• RECORDED INFORMATION:
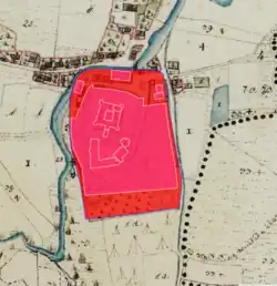 - Vorschloss, ehemaliger Wirtschaftshof mit zwei hakenförmigen Stalltrakten, der westliche bezeichnet mit dem Jahr 1752
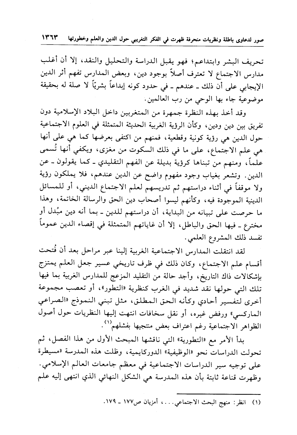 وقد أخذ بهذه النظرة جمهرة من المتغربين داخل البلاد الإِسلامية دون تفريق بين دين ودين، وكأن الرؤية الغربية الحديثة المتمثلة في العلوم الاجتماعية حول الدين هي رؤية كونية وقطعية، فمنهم من اكتفى بعرضها كما هي على أنها هي علم الاجتماع، على ما في ذلك السكوت من مغزى، ويكفي أنها تُسمى علمًا، ومنهم من تبناها كرؤية بديلة عن الفهم التقليدي -كما يقولون- عن الدين. وتشعر بغياب وجود مفهوم واضح عن الدين عندهم، فلا يملكون رؤية ولا موقفًا في أثناء دراستهم ثم تدريسهم لعلم الاجتماع الديني، أو للمسائل الدينية الموجودة فيه، وكأنهم ليسوا أصحاب دين الحق والرسالة الخاتمة، وهذا ما حرصت على تبيانه من البداية، أن دراستهم للدين -بما أنه دين مُبدل أو مخترع- فيها الحق والباطل، إلا أن غاياتهم المتمثلة في إقصاء الدين عمومًا تفسد ذلك المشروع العلمي.
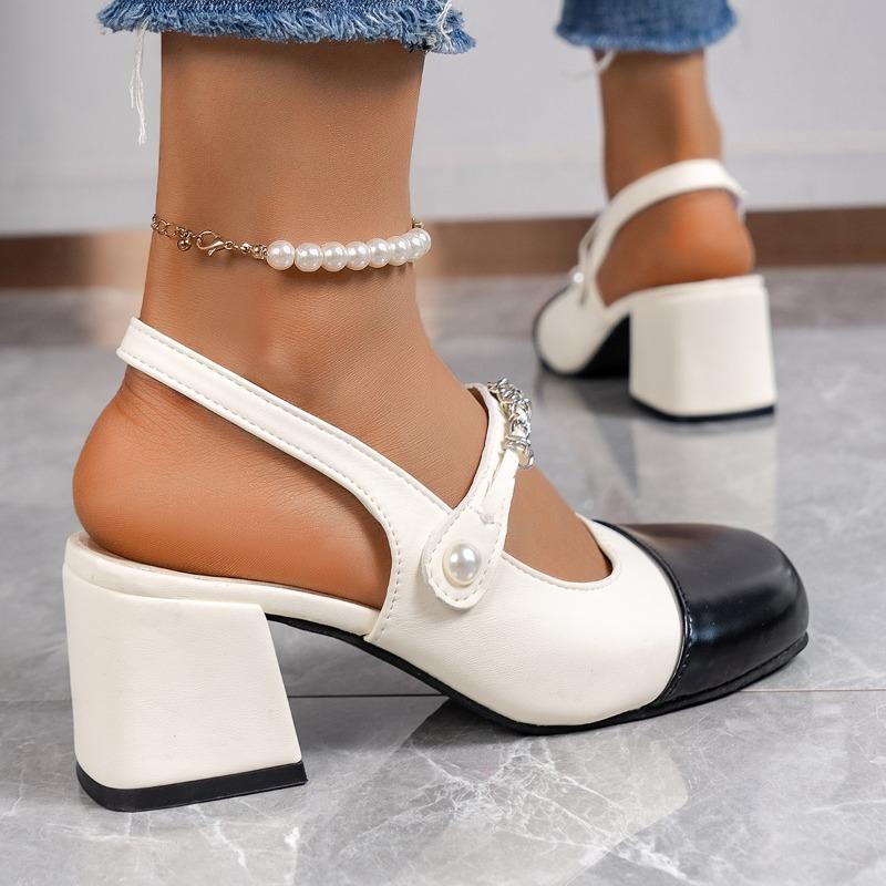 Новые женские классические разноцветные босоножки женские туфли Мэри Джейн с ремешком на пятке жемчужный пояс туфли на среднем каблуке женские офисные сандалии

• ASSIGNMENT: Take the material above from its first line through the line that has "وقد أخذ بهذه" and copy it exactly, without any pictures.

• OUTPUT OF THE EXERCISE:
 - Vorschloss, ehemaliger Wirtschaftshof mit zwei hakenförmigen Stalltrakten, der westliche bezeichnet mit dem Jahr 1752
 وقد أخذ بهذه النظرة جمهرة من المتغربين داخل البلاد الإِسلامية دون تفريق بين دين ودين، وكأن الرؤية الغربية الحديثة المتمثلة في العلوم الاجتماعية حول الدين هي رؤية كونية وقطعية، فمنهم من اكتفى بعرضها كما هي على أنها هي علم الاجتماع، على ما في ذلك السكوت من مغزى، ويكفي أنها تُسمى علمًا، ومنهم من تبناها كرؤية بديلة عن الفهم التقليدي -كما يقولون- عن الدين. وتشعر بغياب وجود مفهوم واضح عن الدين عندهم، فلا يملكون رؤية ولا موقفًا في أثناء دراستهم ثم تدريسهم لعلم الاجتماع الديني، أو للمسائل الدينية الموجودة فيه، وكأنهم ليسوا أصحاب دين الحق والرسالة الخاتمة، وهذا ما حرصت على تبيانه من البداية، أن دراستهم للدين -بما أنه دين مُبدل أو مخترع- فيها الحق والباطل، إلا أن غاياتهم المتمثلة في إقصاء الدين عمومًا تفسد ذلك المشروع العلمي.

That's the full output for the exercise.